While the study shows promise for the receptor binding domain-based vaccine platforms, a number of other questions remain. The rhesus macaque model, which supports MERS-CoV replication, fails to recapitulate severe disease seen in humans. As such, the level of protection in these studies may underestimate the utility of the approach or, alternatively, provides only minor protection for human disease. Further study in more pathogenic models like the marmoset or with adapted viruses is required to decipher this question. Similarly, while the RBD-based platform drives protection, other aspects of vaccine efficacy cannot be tested in the macaque model. Previous work with a double inactivated SARS-CoV had shown efficacy in young mice (Spruth et al., 2006); however, subsequent analysis in aged animals or with heterologous challenge revealed vaccine failure and significant immune pathology (Bolles et al., 2011). While not tested in experimental systems, based on reported cases, age and immuno-compromised status appears to be co-morbidity factors for MERS-CoV infection and lethality (Hilgenfeld and Peiris, 2013, Zumla et al., 2015). Therefore, testing the efficacy of any vaccine in aged and immune compromised populations must be considered. In addition, the continued reintroduction of MERS-CoV from zoonotic sources increases the likelihood of exposure to heterologous virus. With the focus of this vaccine on the RBD of MERS, the possibility of vaccine-induced immune pathology is reduced; however, in vivo testing is required to confirm this result.

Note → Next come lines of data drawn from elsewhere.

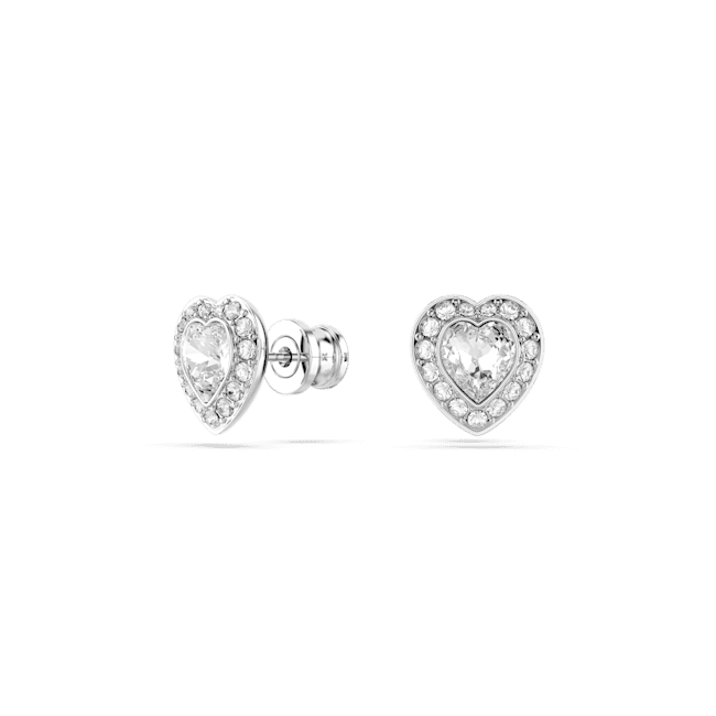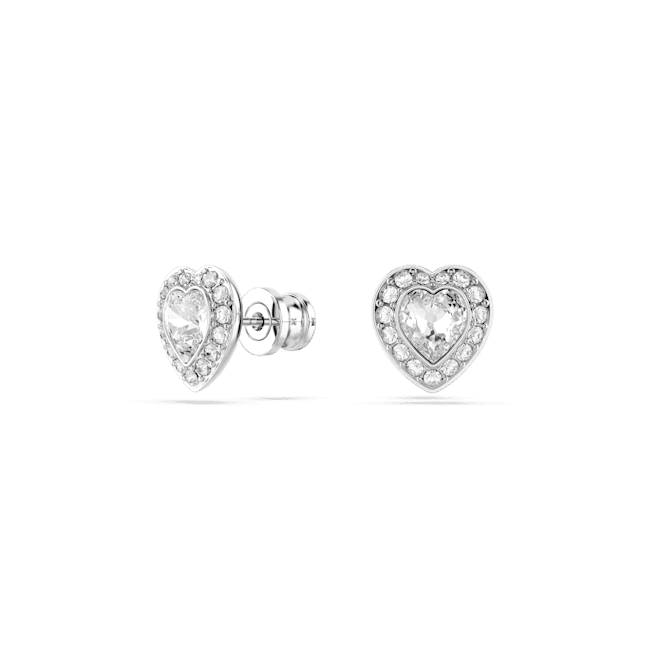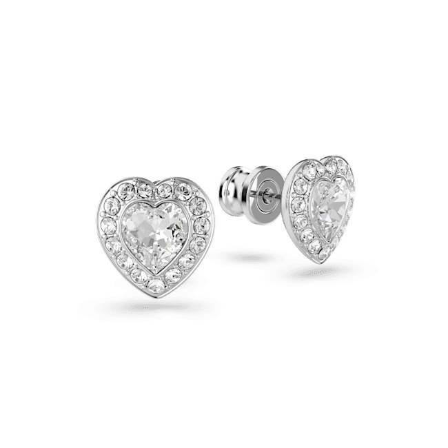 Swarovski Ariana Grande × Swarovski stud earrings Mixed cuts. Heart White Rhodium plated, this joyous pair of Swarovski pierced earrings combines two hearts into one. Each rhodium-plated piece includes a heart-shaped crystal encircled by a sparkling halo of clear pavé. Combine them with the matching pendant to create a brilliant gift of love.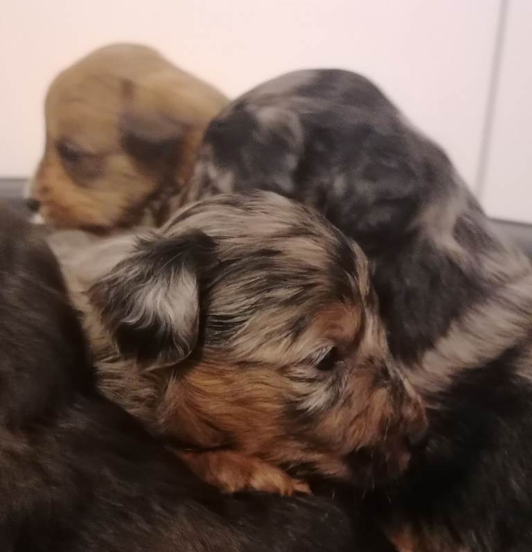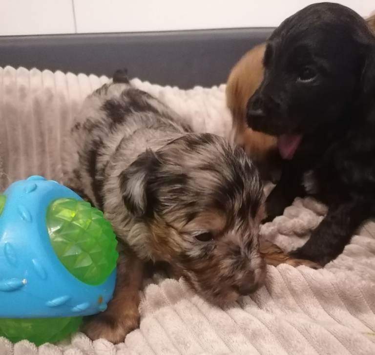 These puppies are happy, fit, and healthy; they have been well socialised and love playing and exploring and are all used to the noises of a busy home.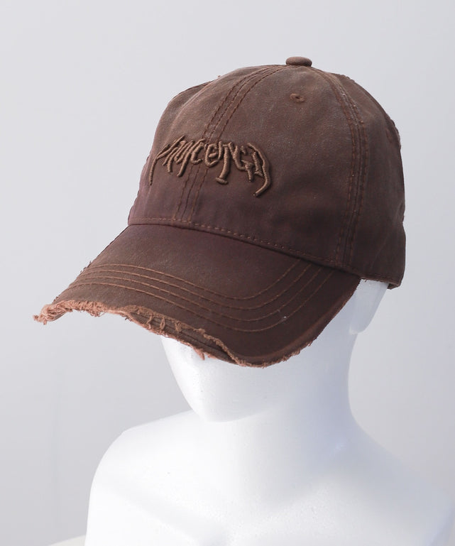 エッジの効いたダメージ加工の刺繡ロゴキャップ。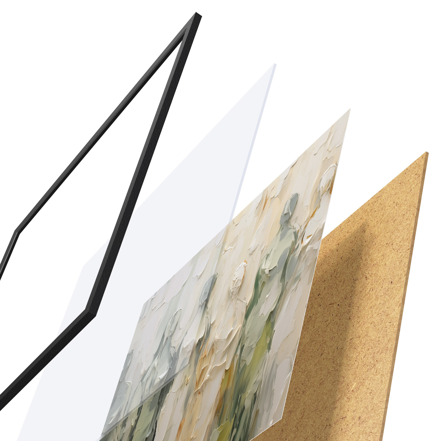 Plakát se skládá z rámu, plexiskla, tištěného obrazu a dřevotřískového podkladu. Díky úchytům na zadní straně lze plakát ihned zavěsit na zeď.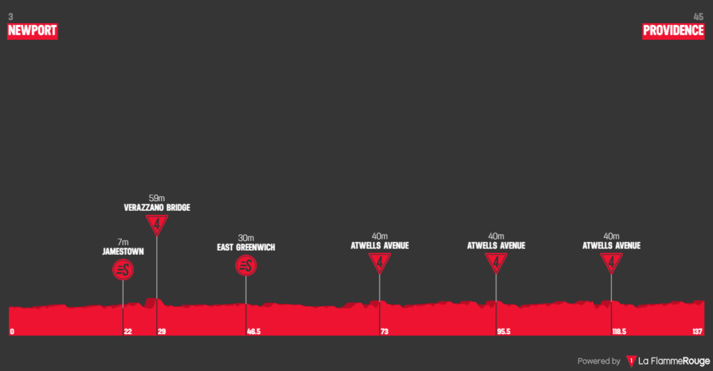 To start the race off, riders will leave from scenic Newport, rolling past Gilded Age mansions, huge yachts, and the Tennis Hall of Fame. They will then pass over Narragansett Bay via two bridges, taking a detour in the middle for an intermediate sprint.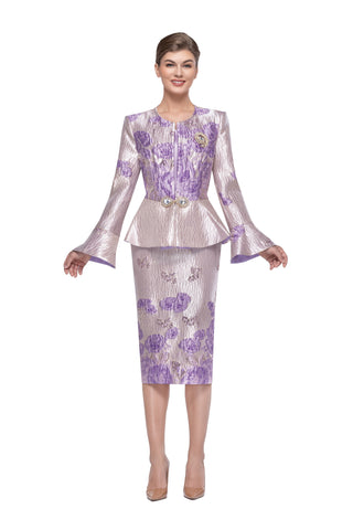 Serafina 4318 3 piece Jacquard Skirt Suit Colors: Lavender, Pink Sizes: 8, 10, 12, 14, 16, 18, 20, 22, 24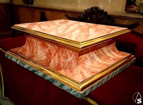 Un extraordinario trabajo, tanto en el marmoleado como en las partes doradas en oro fino.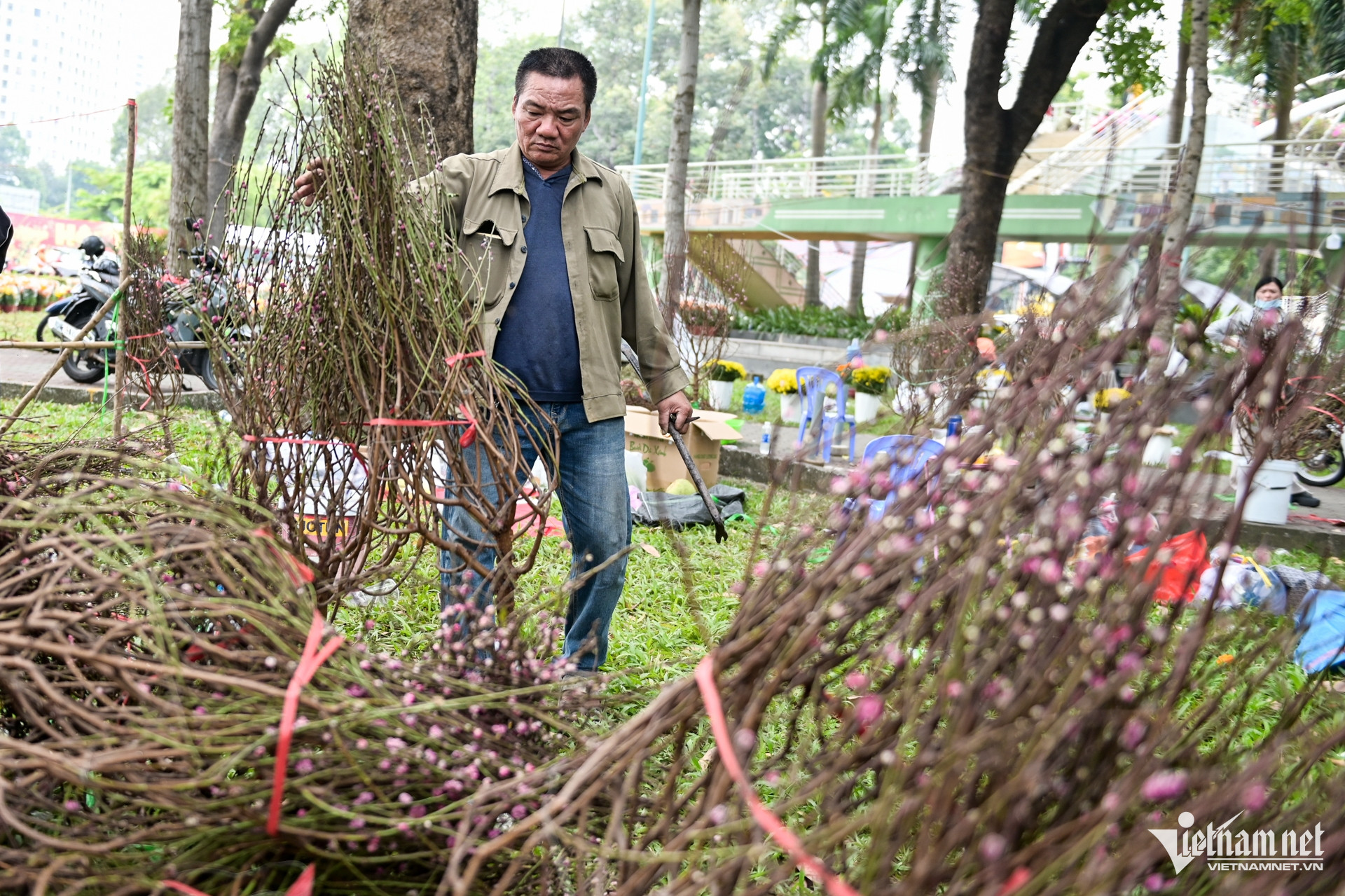 Anh Long cố nán lại bán nốt gần 20 cây đào. "Số đào này nếu không bán thì cũng bỏ rất uống nên tôi sẽ bán nốt tới chiều. Nhiều người trả giá rất thấp tôi đành đồng ý", anh Long nói.
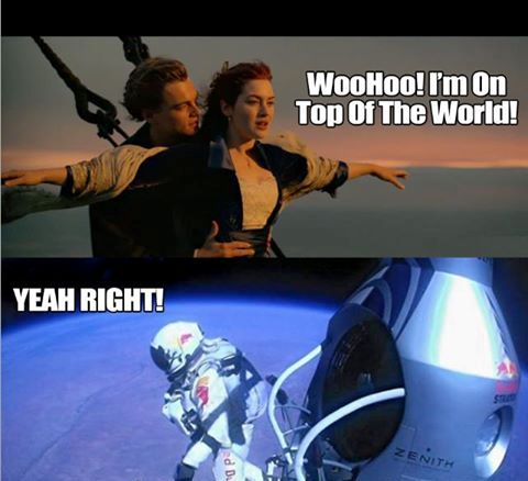 Remember the I am the king of the world from Titanic. Well we all know that at that time people wouldn't have imagined travelling to space. I don't think they even knew then what space was. Poor Kate, if she knew she would never have shouted this. She should have known better than to go off with a poor guy like Leo in the movie. FAIL!!!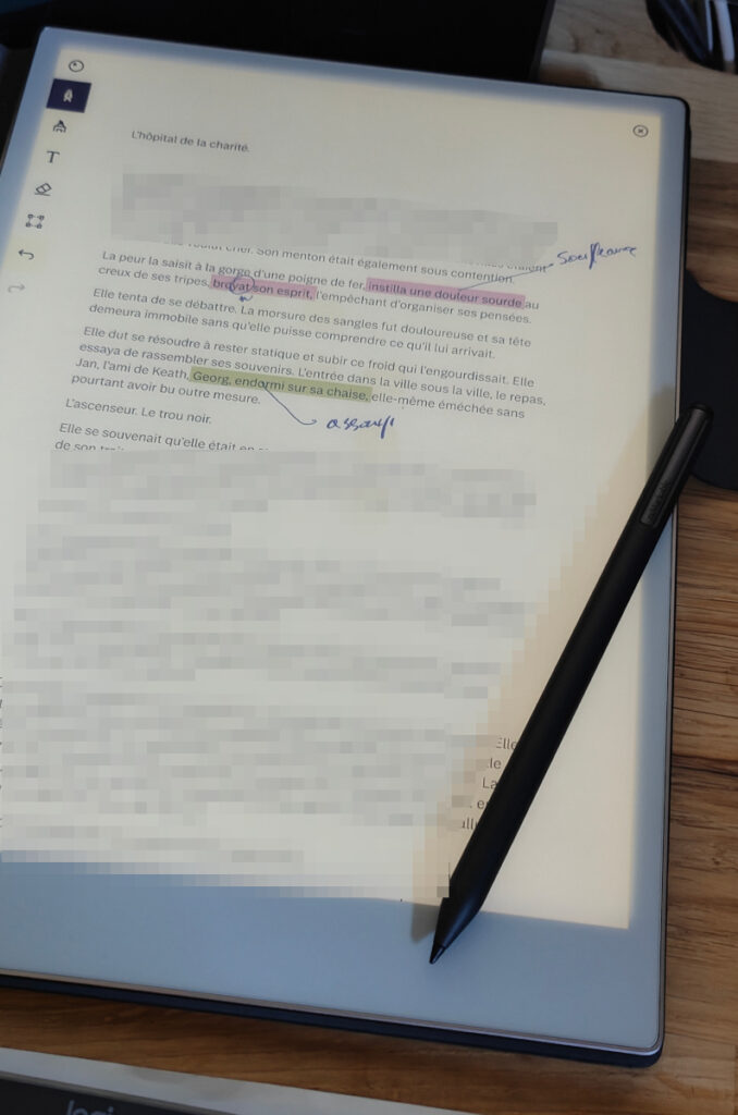 Bien sûr, elle est plus imposante en poids et par ses dimensions, ce qui ne la rend pas commode pour un rôle unique de lecture. Toutefois, la prise de notes est si intuitive, j’ai l’impression d’écrire sur une feuille de papier. Munie d’un clavier, elle me permet aussi, à ma convenance, la dactylographie sans la nécessité d’employer le stylet. L’encre électronique est colorée et me permet de souligner et d’annoter mon premier jet sans effort.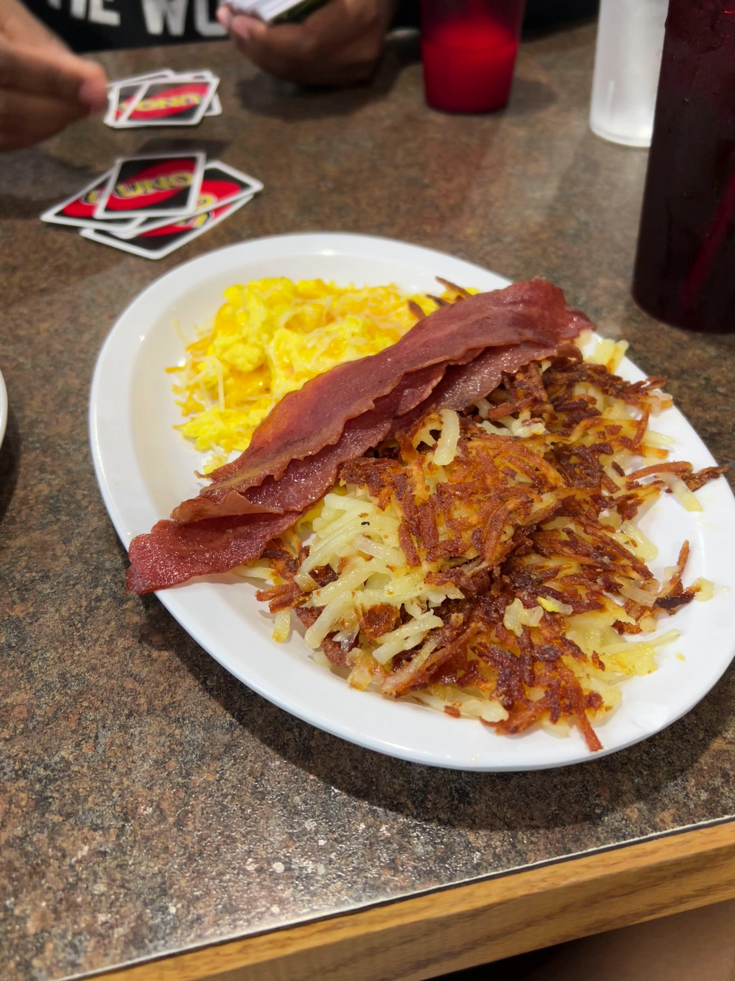 I ordered the two eggs your way, scrambled with cheddar cheese, along with turkey bacon, grits, hash browns fried hard, and strawberry pancakes. The eggs were perfectly cooked and the addition of cheddar cheese added a nice flavor. The turkey bacon was a bit undercooked for my liking, but still tasty. The grits were creamy and flavorful, better when sugar was added, while the hash browns were crispy and satisfying. The strawberry pancakes were a delightful sweet treat that I thoroughly enjoyed. The house scrambler with original pancakes, which was equally delicious.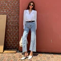 BGTEEVER Streetwear High Waist Double Buttons Split Women Jeans Pants Chic Straight Denim Pants Female Jeans 2020 Capris femme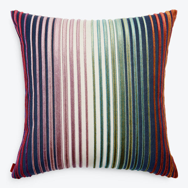 Polychromatic velvet stripes inspire passionate fantasy, fusing inspiration with time-honored technique. Crisp lines and an array of cool tones mark the palette with which Missoni Home designed the Tunisi pillow, a standout piece to add a touch of vibrancy.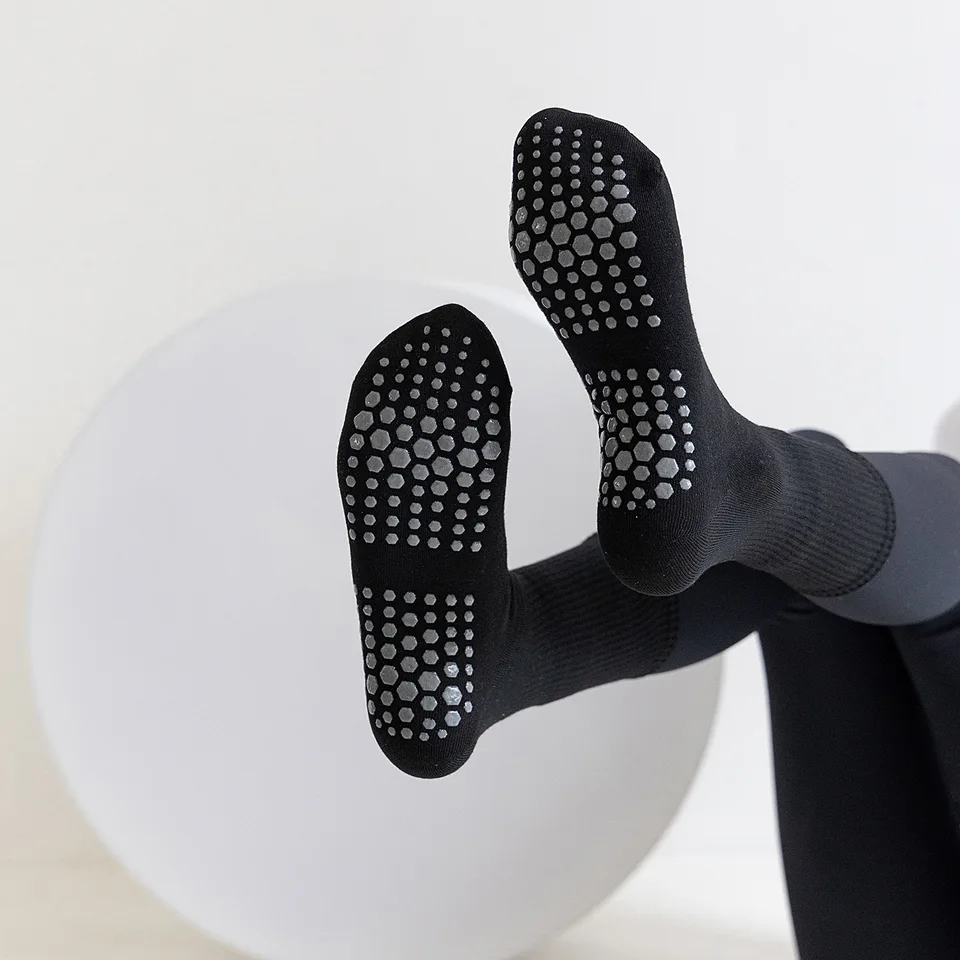 LA Active Grip Chaussettes Antidérapantes - Pour Yoga Pilates Barre Chaussette Pilates Fee Chaussettes De Yoga Intégrales Chaussette... Chaussettes Antidérapantes Pilates Yoga PUJANE Lot De 5 Paires De Chaussettes De Pilates Antidérapantes Pour Femme, Pour Yoga, Gym, Entraînement, 5 Paires (noir, Blanc Chaussette Pilates Femme D'épaisseur moyenne, elles conviennent à toutes les saisons, y compris l'été et l'hiver. Elles offrent une meilleure adhérence sur les sols en bois dur, les sols carrelés, les sols des salles de sport ou les équipements de Pilates, améliorant ainsi considérablement la stabilité et l'équilibre. Les chaussettes sont douces, respirantes et ont une fonction d'évacuation de l'humidité pour garder vos pieds secs et confortables et éviter la sensation de... Tissu Confortable: Les chaussettes antidérapantes femme sont fabriquées en coton respirant et doux pour la peau, pour un confort et une élasticité exceptionnels. Largement Utilisé: Ces chaussettes pilates femme sont parfaites pour une grande variété d'activités. Renforcez votre stabilité, améliorez vos performances sportives et évitez les accidents. Que vous pratiquiez le Pilates, le yoga, la course à pied ou le tennis, ces chaussettes antidérapantes pour femmes sont parfaites pour une variété d'activités.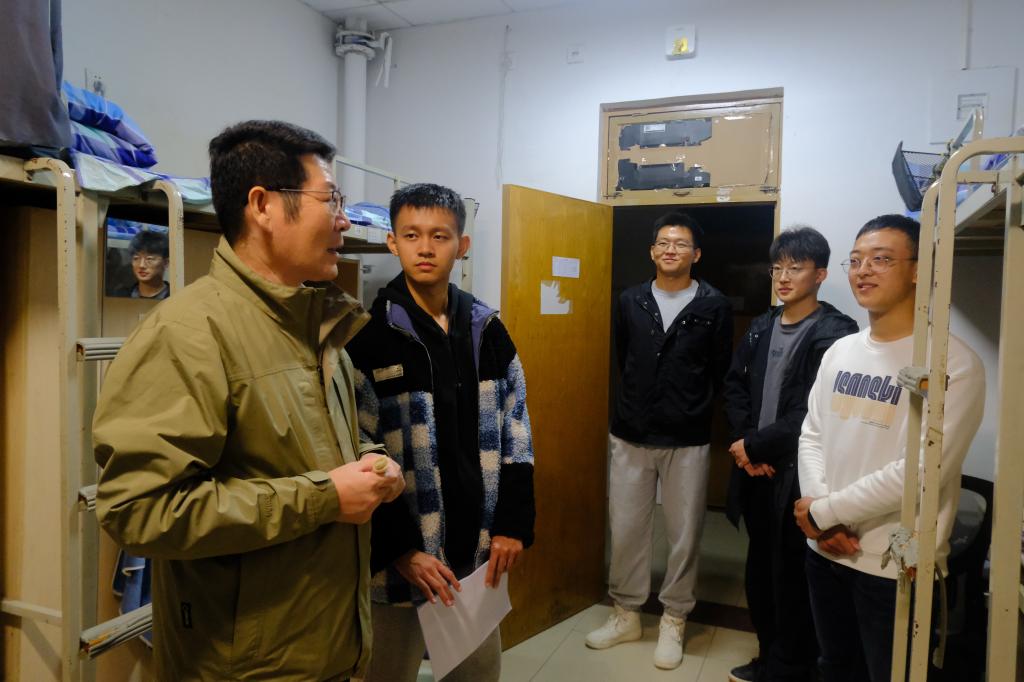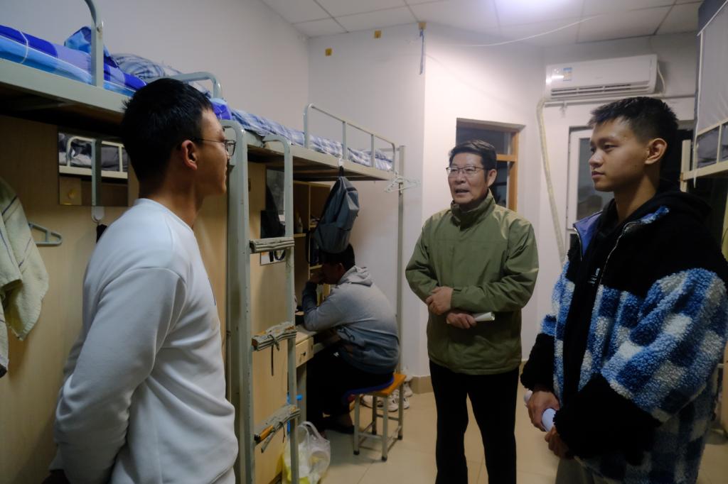 在走访员工宿舍过程中,李玉成与同学们亲切交流,详细了解了新生的学习生活状态和适应情况,耐心倾听同学们的困扰并设身处地进行心理疏导。他勉励同学们要及时调整状态,尽快转变角色,适应大学学习生活节奏,努力提高自身专业水平和综合素养,并叮嘱同学们要严格遵守校规校纪,提高安全意识,注意防火、防盗、防诈骗,确保宿舍安全稳定。

Overall, the report by Lan and colleagues details a promising MERS-RBD-based platform for vaccine development. The combination of strong neutralization and reduced pathogenesis in the rhesus macaques indicates that the approach is worth pursuing. However, additional studies are required in models that can capture pathogenesis seen in humans, efficacy in aged populations, and possibility of immune pathology due to heterologous challenge. Despite these caveats, the success of the RBD-based approach has important implications for both MERS treatment as well as for rapid vaccine development platforms for future emergent CoV outbreaks.